ChromaDB vector store wired in as Tier 2 semantic memory — relevant past conversations retrieved per subject on every interaction
Semantic blend in context retrieval — structured facts and semantic history combined before LLM call
LLM-driven contradiction detection — when committing new facts, Floyd checks for conflicts with existing memory and flags them
Identity merges propagated to ChromaDB — renaming a face updates semantic history too
ECAPA-TDNN voice biometrics — SpeakerIdentifier runs alongside vision; voice enrollment from audio segments; per-row-normalized centroids, score clamping, and encoder failure paths hardened
Passive voice enrollment — two-phase system: bootstrap enrollment from first segments, then self-verified against growing embedding pool; /api/stt/enroll_status and /api/stt/enroll_complete endpoints
resolve_attribution — voice ID takes priority over vision when a speaker is confirmed; multi-modal identity is now the default
max_face_count on /api/vision/focus_at and TemporalDiarizer — limits active tracking to the N closest faces
Proximity gate relaxed from 15% to 7% of frame area — enrolls faces at greater distance
LLM executor fixed — no more per-call thread leaks; cost metric no longer corrupted by nested calls

Architecture

Four independent processes communicating via HTTP and WebSocket. Any module can be restarted independently; scale out to multiple machines by changing one URL in the config.

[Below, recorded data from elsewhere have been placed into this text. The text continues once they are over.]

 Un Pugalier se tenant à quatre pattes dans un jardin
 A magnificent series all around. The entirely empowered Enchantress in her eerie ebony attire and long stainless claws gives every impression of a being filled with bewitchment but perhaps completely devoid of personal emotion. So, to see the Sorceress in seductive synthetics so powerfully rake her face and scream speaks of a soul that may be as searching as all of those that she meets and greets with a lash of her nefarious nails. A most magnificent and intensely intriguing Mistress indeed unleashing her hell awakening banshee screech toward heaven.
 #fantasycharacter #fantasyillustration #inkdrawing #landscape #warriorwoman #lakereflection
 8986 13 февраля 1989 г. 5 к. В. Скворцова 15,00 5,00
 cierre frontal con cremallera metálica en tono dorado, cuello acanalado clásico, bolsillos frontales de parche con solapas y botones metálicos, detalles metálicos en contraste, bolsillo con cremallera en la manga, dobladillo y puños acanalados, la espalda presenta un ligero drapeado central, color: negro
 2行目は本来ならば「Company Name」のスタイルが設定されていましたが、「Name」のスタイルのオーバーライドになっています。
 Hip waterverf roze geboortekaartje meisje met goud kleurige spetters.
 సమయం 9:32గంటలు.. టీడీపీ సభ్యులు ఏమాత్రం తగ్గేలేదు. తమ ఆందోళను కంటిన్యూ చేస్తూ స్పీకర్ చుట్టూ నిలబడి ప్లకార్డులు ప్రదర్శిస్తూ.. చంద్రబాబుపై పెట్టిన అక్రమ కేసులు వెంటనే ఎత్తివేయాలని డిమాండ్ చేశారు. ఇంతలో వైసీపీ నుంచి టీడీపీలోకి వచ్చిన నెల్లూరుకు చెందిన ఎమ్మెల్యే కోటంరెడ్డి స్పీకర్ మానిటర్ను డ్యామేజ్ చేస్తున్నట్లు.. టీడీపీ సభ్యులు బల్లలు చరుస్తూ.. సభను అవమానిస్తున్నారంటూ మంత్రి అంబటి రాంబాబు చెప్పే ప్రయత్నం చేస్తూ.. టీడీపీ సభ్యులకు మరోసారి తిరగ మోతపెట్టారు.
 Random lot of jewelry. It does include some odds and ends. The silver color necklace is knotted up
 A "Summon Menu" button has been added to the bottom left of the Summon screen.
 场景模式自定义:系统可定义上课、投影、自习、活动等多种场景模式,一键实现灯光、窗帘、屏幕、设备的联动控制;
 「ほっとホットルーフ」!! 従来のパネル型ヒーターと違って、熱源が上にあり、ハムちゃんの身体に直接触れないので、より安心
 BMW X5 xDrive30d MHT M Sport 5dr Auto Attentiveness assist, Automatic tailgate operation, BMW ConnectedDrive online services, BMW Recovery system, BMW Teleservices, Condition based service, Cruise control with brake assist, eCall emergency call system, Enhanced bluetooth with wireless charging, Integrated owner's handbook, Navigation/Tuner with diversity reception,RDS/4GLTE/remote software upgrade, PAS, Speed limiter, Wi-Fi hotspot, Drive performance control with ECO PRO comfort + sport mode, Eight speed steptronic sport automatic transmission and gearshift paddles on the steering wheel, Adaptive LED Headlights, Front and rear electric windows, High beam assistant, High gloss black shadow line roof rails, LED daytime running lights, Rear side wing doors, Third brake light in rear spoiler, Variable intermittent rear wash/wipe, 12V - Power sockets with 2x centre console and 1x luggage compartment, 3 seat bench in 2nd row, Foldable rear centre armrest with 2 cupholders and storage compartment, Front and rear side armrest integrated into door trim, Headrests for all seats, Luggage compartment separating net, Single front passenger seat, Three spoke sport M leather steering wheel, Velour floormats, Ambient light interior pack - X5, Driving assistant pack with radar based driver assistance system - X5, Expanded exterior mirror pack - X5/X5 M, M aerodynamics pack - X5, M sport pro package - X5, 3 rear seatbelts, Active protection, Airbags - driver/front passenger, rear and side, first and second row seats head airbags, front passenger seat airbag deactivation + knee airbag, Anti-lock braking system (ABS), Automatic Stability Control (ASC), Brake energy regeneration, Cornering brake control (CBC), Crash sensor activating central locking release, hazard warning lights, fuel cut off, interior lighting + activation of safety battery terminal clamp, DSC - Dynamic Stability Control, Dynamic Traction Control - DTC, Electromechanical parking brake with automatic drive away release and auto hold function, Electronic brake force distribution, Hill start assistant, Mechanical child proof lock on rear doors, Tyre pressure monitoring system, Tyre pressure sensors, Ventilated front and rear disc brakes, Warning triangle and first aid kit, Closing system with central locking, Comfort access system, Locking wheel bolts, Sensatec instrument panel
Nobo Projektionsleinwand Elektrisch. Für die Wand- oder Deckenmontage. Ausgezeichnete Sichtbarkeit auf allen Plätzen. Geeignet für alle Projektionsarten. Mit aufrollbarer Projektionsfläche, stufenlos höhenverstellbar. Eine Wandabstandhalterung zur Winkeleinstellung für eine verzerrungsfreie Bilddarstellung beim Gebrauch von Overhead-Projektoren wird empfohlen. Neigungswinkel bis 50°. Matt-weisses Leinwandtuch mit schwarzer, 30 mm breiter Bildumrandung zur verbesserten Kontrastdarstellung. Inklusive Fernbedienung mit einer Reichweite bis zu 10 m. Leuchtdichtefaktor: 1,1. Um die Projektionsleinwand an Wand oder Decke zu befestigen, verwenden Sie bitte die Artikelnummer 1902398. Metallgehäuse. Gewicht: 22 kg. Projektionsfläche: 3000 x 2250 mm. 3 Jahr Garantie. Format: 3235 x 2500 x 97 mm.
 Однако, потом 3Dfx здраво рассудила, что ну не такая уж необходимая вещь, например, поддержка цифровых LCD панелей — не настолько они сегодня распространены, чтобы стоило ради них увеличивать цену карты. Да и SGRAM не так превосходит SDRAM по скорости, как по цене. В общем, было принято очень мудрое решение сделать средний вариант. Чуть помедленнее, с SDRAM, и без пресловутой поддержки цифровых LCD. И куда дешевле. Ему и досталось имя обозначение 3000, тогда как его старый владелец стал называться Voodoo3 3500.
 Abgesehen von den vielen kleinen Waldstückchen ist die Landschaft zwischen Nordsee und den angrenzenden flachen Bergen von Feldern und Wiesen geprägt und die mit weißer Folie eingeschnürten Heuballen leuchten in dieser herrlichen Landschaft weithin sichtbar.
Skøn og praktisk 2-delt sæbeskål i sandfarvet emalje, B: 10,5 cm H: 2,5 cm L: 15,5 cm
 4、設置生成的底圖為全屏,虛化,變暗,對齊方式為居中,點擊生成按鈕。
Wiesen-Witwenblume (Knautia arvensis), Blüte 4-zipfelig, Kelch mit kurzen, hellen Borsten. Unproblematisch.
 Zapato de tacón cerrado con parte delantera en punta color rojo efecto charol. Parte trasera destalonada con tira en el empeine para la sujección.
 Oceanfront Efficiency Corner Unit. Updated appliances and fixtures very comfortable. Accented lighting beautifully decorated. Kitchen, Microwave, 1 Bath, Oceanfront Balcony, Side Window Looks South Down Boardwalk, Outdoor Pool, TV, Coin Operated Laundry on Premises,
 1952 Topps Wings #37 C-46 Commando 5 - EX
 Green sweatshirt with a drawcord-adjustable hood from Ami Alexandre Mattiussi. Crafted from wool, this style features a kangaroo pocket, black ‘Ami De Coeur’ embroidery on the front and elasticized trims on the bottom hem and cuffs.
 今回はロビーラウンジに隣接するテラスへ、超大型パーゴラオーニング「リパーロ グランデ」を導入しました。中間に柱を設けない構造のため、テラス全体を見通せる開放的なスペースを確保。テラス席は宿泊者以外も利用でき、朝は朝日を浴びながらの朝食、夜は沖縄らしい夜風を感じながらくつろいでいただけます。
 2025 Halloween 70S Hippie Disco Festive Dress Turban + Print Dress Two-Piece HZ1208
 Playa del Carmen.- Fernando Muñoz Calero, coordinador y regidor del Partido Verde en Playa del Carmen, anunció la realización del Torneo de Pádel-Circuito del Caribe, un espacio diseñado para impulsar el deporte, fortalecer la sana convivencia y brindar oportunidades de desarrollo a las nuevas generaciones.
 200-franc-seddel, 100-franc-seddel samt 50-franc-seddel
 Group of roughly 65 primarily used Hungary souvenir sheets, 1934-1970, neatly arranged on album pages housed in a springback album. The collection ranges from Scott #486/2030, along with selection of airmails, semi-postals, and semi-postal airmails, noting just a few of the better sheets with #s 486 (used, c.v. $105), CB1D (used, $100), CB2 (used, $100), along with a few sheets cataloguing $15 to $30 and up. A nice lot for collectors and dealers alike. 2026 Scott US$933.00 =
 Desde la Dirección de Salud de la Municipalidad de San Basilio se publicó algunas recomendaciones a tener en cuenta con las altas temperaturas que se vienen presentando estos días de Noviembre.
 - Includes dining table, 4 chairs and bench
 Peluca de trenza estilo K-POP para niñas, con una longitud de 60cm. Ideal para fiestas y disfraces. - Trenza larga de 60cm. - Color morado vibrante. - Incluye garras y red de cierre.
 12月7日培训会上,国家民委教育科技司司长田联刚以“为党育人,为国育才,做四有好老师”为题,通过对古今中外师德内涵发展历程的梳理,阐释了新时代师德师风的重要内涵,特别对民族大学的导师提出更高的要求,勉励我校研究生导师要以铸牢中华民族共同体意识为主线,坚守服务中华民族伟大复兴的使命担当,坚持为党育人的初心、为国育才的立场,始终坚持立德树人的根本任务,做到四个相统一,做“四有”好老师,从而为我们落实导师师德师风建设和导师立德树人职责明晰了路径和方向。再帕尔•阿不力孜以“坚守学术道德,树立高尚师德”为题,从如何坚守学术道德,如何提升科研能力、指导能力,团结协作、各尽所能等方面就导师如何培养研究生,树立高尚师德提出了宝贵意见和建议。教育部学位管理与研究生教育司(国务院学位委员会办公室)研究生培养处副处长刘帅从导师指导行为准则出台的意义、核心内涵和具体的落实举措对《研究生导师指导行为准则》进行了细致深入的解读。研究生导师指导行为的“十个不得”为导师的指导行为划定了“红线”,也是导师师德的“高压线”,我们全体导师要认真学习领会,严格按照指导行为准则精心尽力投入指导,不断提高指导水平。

Vision — Face detection, tracking, recognition; posts state to Middleware
Middleware — FastAPI: LLM bridge, memory/RAG, TTS, attention gating, permission spine, Telegram/MCP surfaces
STT — Mic capture, VAD, Whisper transcription, wake-word detection; posts to Middleware
Eyes — Pygame UI, 280×192 native, 4× scaled, 10 FPS hard cap

Vision and STT share cuda:0. Memory and embeddings run on CPU. VRAM is for seeing and hearing, not for indexing.